The data Block Start

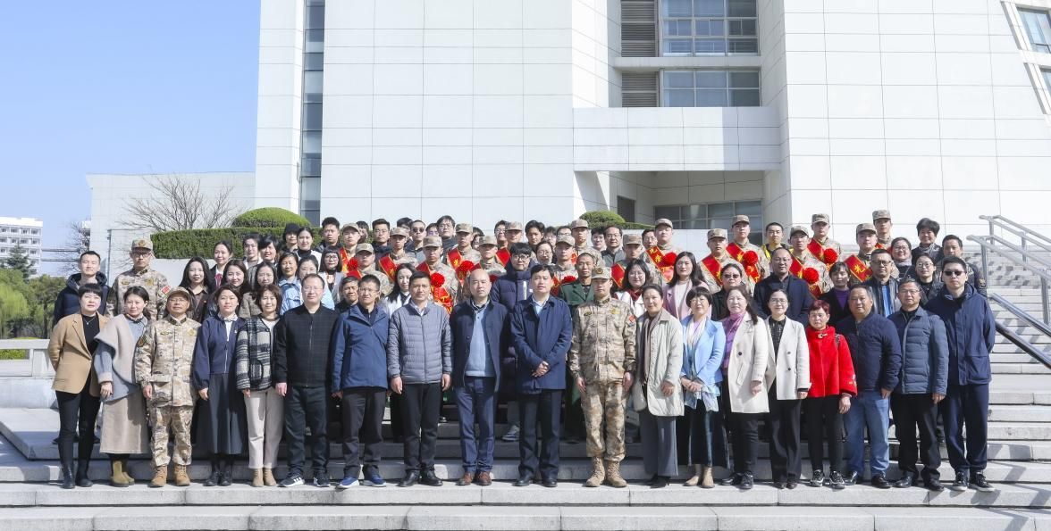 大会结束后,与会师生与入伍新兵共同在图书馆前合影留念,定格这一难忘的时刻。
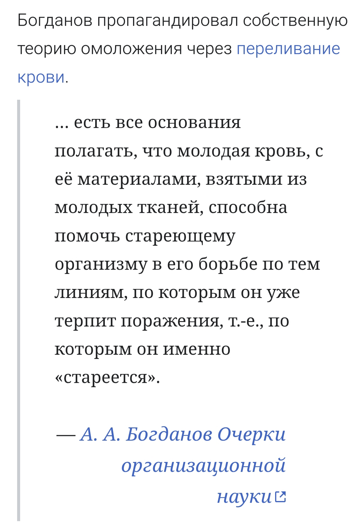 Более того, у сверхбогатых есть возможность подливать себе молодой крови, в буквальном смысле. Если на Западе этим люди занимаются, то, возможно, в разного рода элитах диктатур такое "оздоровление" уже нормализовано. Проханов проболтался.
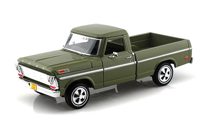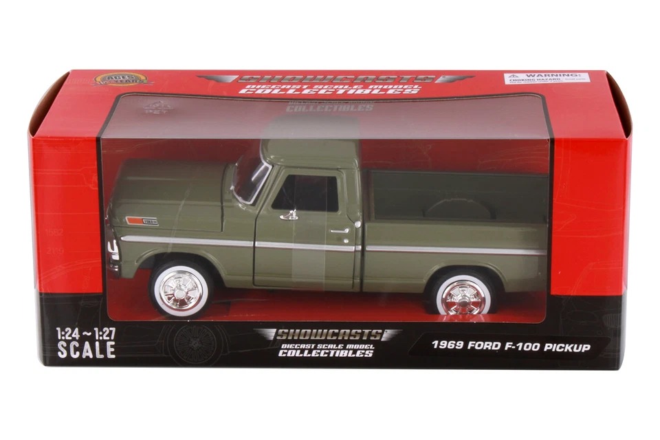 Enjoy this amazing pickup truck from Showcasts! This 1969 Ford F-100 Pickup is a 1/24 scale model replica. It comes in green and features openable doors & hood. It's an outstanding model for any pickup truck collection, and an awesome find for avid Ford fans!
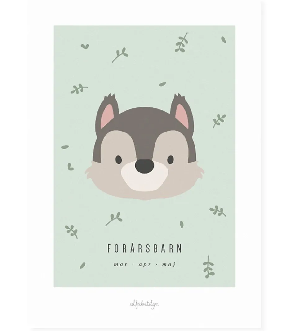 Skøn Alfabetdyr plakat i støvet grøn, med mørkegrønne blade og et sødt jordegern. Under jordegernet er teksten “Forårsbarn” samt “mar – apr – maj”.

The data Block End
The data Block Start

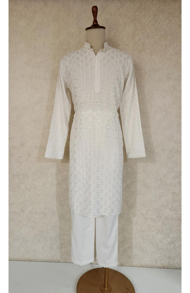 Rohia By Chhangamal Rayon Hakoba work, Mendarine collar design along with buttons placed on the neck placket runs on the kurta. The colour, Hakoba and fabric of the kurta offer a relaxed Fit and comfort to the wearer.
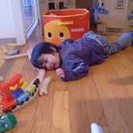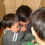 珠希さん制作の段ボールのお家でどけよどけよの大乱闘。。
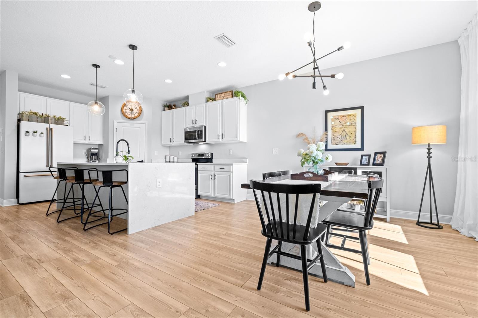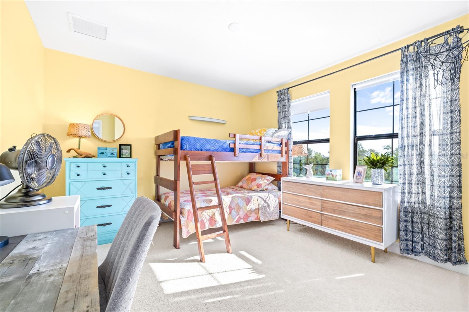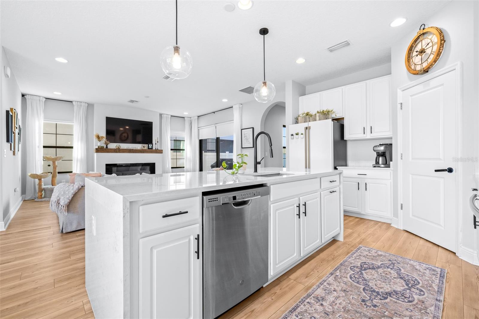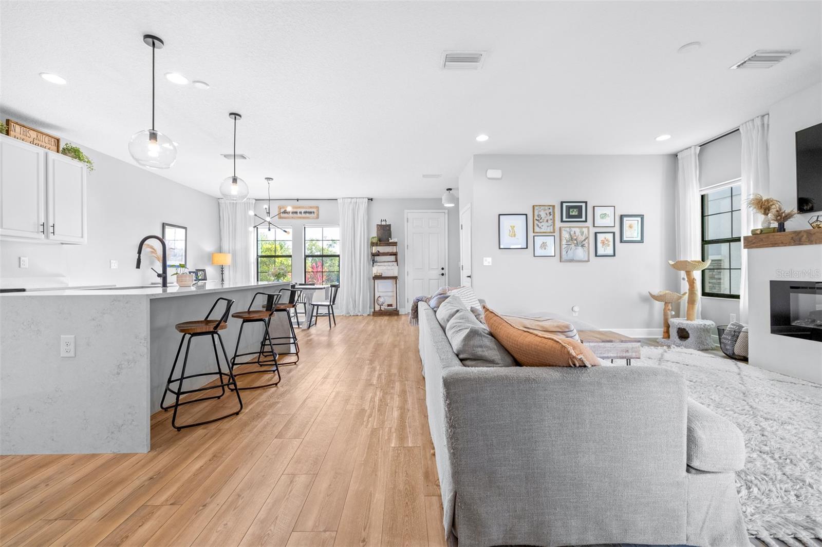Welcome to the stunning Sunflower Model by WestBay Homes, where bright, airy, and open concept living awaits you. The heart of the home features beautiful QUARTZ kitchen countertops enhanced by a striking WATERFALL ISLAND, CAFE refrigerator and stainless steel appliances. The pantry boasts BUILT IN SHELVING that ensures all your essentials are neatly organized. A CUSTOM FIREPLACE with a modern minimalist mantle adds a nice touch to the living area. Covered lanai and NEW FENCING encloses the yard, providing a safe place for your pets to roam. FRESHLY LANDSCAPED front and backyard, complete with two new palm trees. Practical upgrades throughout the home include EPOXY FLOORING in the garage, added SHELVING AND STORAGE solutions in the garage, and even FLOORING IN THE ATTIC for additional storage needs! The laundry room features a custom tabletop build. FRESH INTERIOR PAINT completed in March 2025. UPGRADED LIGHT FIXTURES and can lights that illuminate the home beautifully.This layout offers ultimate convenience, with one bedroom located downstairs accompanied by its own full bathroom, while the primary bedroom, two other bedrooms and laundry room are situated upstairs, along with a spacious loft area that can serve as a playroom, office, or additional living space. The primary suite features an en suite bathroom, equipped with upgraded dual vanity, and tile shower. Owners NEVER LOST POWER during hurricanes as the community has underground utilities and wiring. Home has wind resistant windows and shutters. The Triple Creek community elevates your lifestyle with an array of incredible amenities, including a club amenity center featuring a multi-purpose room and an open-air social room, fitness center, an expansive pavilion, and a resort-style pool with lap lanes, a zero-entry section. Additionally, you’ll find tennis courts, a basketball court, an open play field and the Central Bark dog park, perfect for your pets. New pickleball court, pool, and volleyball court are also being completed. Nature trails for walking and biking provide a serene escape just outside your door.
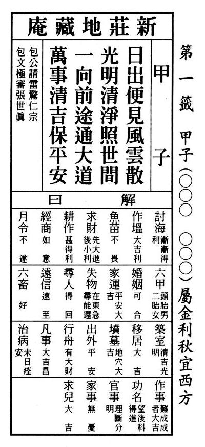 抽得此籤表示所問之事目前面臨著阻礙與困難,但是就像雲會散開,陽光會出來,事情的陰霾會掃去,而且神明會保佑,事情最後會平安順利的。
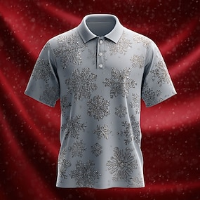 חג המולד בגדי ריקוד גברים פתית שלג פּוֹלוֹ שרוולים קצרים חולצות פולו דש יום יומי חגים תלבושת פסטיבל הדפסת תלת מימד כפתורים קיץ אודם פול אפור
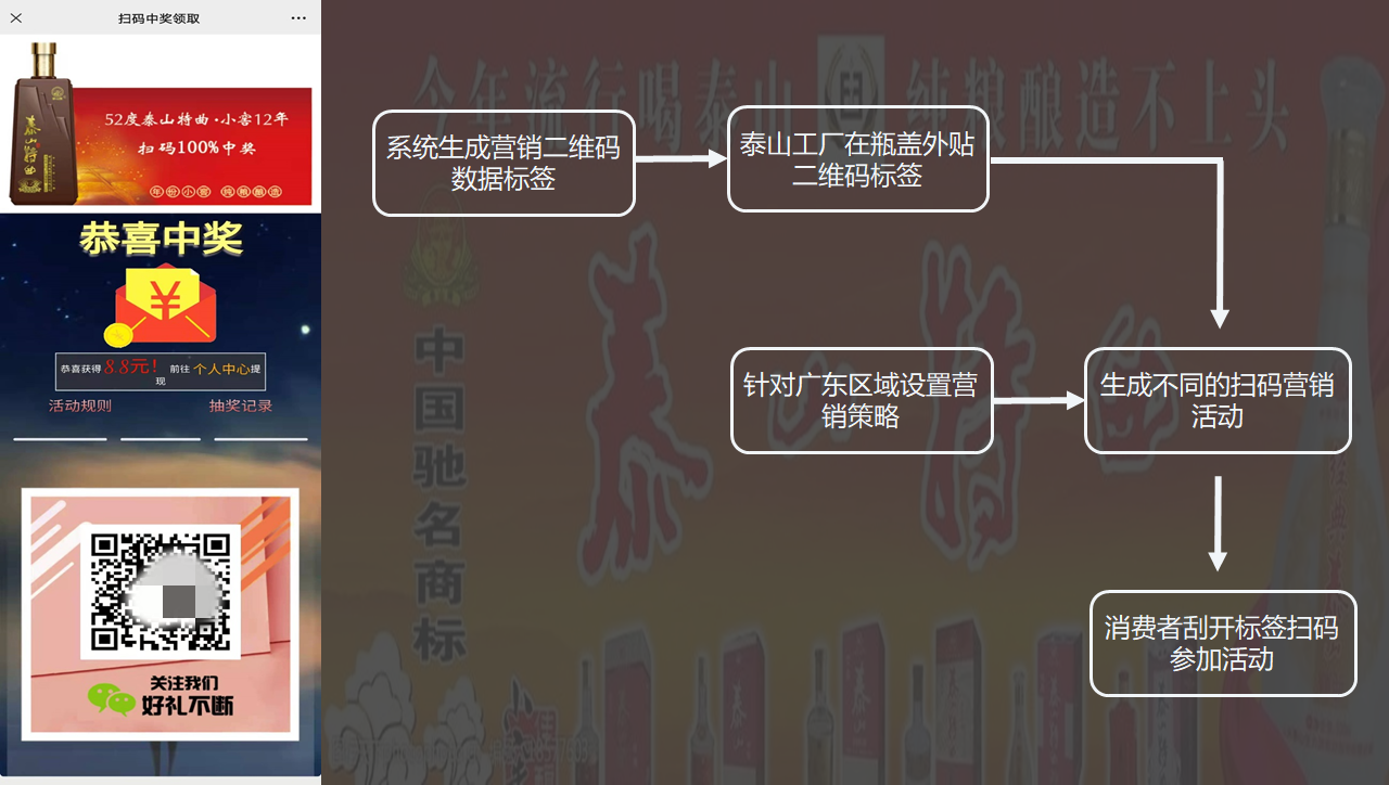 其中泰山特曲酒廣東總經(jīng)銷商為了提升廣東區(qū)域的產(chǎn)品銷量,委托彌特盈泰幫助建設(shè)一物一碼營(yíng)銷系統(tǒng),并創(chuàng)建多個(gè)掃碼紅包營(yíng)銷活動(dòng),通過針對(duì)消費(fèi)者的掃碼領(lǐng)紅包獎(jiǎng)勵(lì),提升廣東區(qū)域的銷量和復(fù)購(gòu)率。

The data Block End

Requirement » Exactly the lines above from the one that contains "Более того, у" down to the one that contains "Skøn Alfabetdyr plakat" are to be output, both ends kept and pictures omitted.

Answer to the exercise »
 Более того, у сверхбогатых есть возможность подливать себе молодой крови, в буквальном смысле. Если на Западе этим люди занимаются, то, возможно, в разного рода элитах диктатур такое "оздоровление" уже нормализовано. Проханов проболтался.
 Enjoy this amazing pickup truck from Showcasts! This 1969 Ford F-100 Pickup is a 1/24 scale model replica. It comes in green and features openable doors & hood. It's an outstanding model for any pickup truck collection, and an awesome find for avid Ford fans!
 Skøn Alfabetdyr plakat i støvet grøn, med mørkegrønne blade og et sødt jordegern. Under jordegernet er teksten “Forårsbarn” samt “mar – apr – maj”.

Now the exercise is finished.